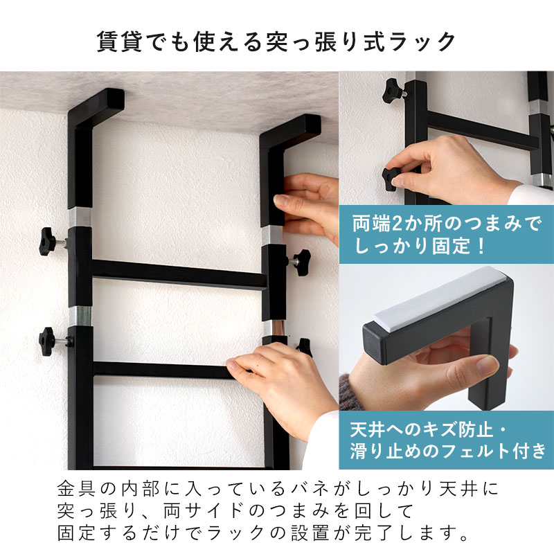 天井に突っ張るだけで使えるので、賃貸のお部屋の方も問題なくお使いいただけ、洗濯パンの上でも取り付けられる優れもの。
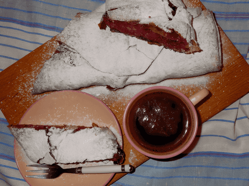 Transfer the strudel using a towel onto the baking paper, seam side down;
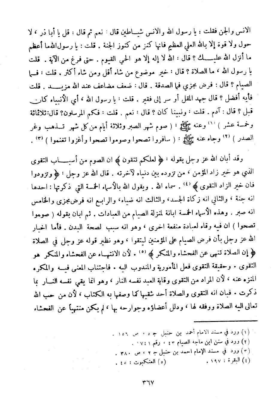 الإنس والجن فقلت: يا رسول الله والإنس شياطين قال: نعم ثم قال: قل يا أبا ذر، لا حول ولا قوة إلا بالله العلي العظيم فإنها كنز من كنوز الجنة. قلت: يا رسول الله ما أعظم ما أنزل الله عليك؟ قال: الله لا إله إلا هو الحي القيوم. حتى فرغ من الآية. قلت يا رسول الله، ما الصلاة؟ قال: خير موضوع من شاء أقل ومن شاء أكثر. قلت: فما الصيام؟ قال: فرض مجزي فما الصدقة. قال: ضعف مضاعف عند الله مزيد. قلت فأيه أفضل؟ قال جهد المقل أو سر إلى فقير. قلت: يا رسول الله، أي الأنبياء كان قبل؟ قال: آدم. قلت: ونبينا كان؟ قال: نعم. قلت: فكم المرسلون؟ قال: ثلاثمائة وخمسة عشر) وعنه صلى الله عليه وسلم: (صوم شهر الصبر وثلاثة أيام من كل شهر تذهب وغر الصدر) وجاء عنه صلى الله عليه وسلم: (سافروا تصحوا وصوموا تصحوا وأغزوا تغنموا).
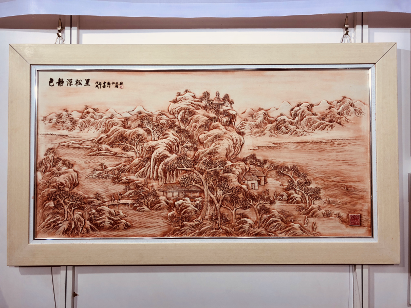 這是曹愛(ài)勤首次參加深圳文博會(huì),帶來(lái)了她所創(chuàng)作的陶瓷、篆刻、書(shū)畫(huà)等多種形式的藝術(shù)作品,可以看到其不同形式作品的創(chuàng)作技法、主題、表現(xiàn)手法等均有較大差異,充分體現(xiàn)了曹愛(ài)勤在陶瓷藝術(shù)道路上追求卓越、勇于創(chuàng)新的新時(shí)代大國(guó)工匠精神。在其創(chuàng)作中,特別是作為中國(guó)陶瓷重要組成部分的陶瓷雕刻作品《色靜深松里》、《八仙過(guò)海》,承載了國(guó)畫(huà)、雕刻、裝飾等綜合性藝術(shù)手法,每件作品都充分體現(xiàn)出工匠技能,堪稱(chēng)學(xué)貫中西、熔鑄古今之珍品。
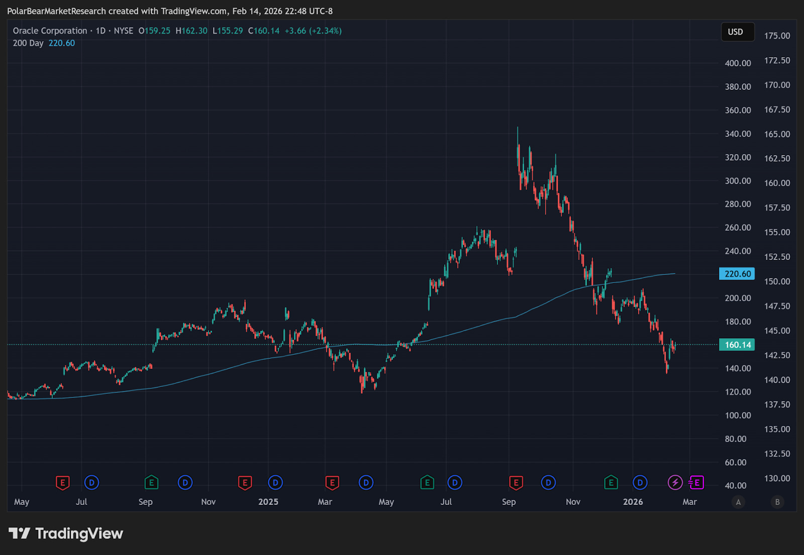 ChatGPT & AI are tracking similar search trends - and both notably peaked around the same time that the Nasdaq did, even though the more narrow bubble baskets have continued to push higher. Also note that not all ‘AI’ names have been treated equally… just recall the Oracle smashing, which now actually looks to be finding a slightly more solid footing in the mid-100 range:

Prompt:
Only the lines from the line with "Transfer the strudel" through the end of the records belong in your copy. Repeat them exactly, without pictures.

Output:
 Transfer the strudel using a towel onto the baking paper, seam side down;
 الإنس والجن فقلت: يا رسول الله والإنس شياطين قال: نعم ثم قال: قل يا أبا ذر، لا حول ولا قوة إلا بالله العلي العظيم فإنها كنز من كنوز الجنة. قلت: يا رسول الله ما أعظم ما أنزل الله عليك؟ قال: الله لا إله إلا هو الحي القيوم. حتى فرغ من الآية. قلت يا رسول الله، ما الصلاة؟ قال: خير موضوع من شاء أقل ومن شاء أكثر. قلت: فما الصيام؟ قال: فرض مجزي فما الصدقة. قال: ضعف مضاعف عند الله مزيد. قلت فأيه أفضل؟ قال جهد المقل أو سر إلى فقير. قلت: يا رسول الله، أي الأنبياء كان قبل؟ قال: آدم. قلت: ونبينا كان؟ قال: نعم. قلت: فكم المرسلون؟ قال: ثلاثمائة وخمسة عشر) وعنه صلى الله عليه وسلم: (صوم شهر الصبر وثلاثة أيام من كل شهر تذهب وغر الصدر) وجاء عنه صلى الله عليه وسلم: (سافروا تصحوا وصوموا تصحوا وأغزوا تغنموا).
 這是曹愛(ài)勤首次參加深圳文博會(huì),帶來(lái)了她所創(chuàng)作的陶瓷、篆刻、書(shū)畫(huà)等多種形式的藝術(shù)作品,可以看到其不同形式作品的創(chuàng)作技法、主題、表現(xiàn)手法等均有較大差異,充分體現(xiàn)了曹愛(ài)勤在陶瓷藝術(shù)道路上追求卓越、勇于創(chuàng)新的新時(shí)代大國(guó)工匠精神。在其創(chuàng)作中,特別是作為中國(guó)陶瓷重要組成部分的陶瓷雕刻作品《色靜深松里》、《八仙過(guò)海》,承載了國(guó)畫(huà)、雕刻、裝飾等綜合性藝術(shù)手法,每件作品都充分體現(xiàn)出工匠技能,堪稱(chēng)學(xué)貫中西、熔鑄古今之珍品。
 ChatGPT & AI are tracking similar search trends - and both notably peaked around the same time that the Nasdaq did, even though the more narrow bubble baskets have continued to push higher. Also note that not all ‘AI’ names have been treated equally… just recall the Oracle smashing, which now actually looks to be finding a slightly more solid footing in the mid-100 range:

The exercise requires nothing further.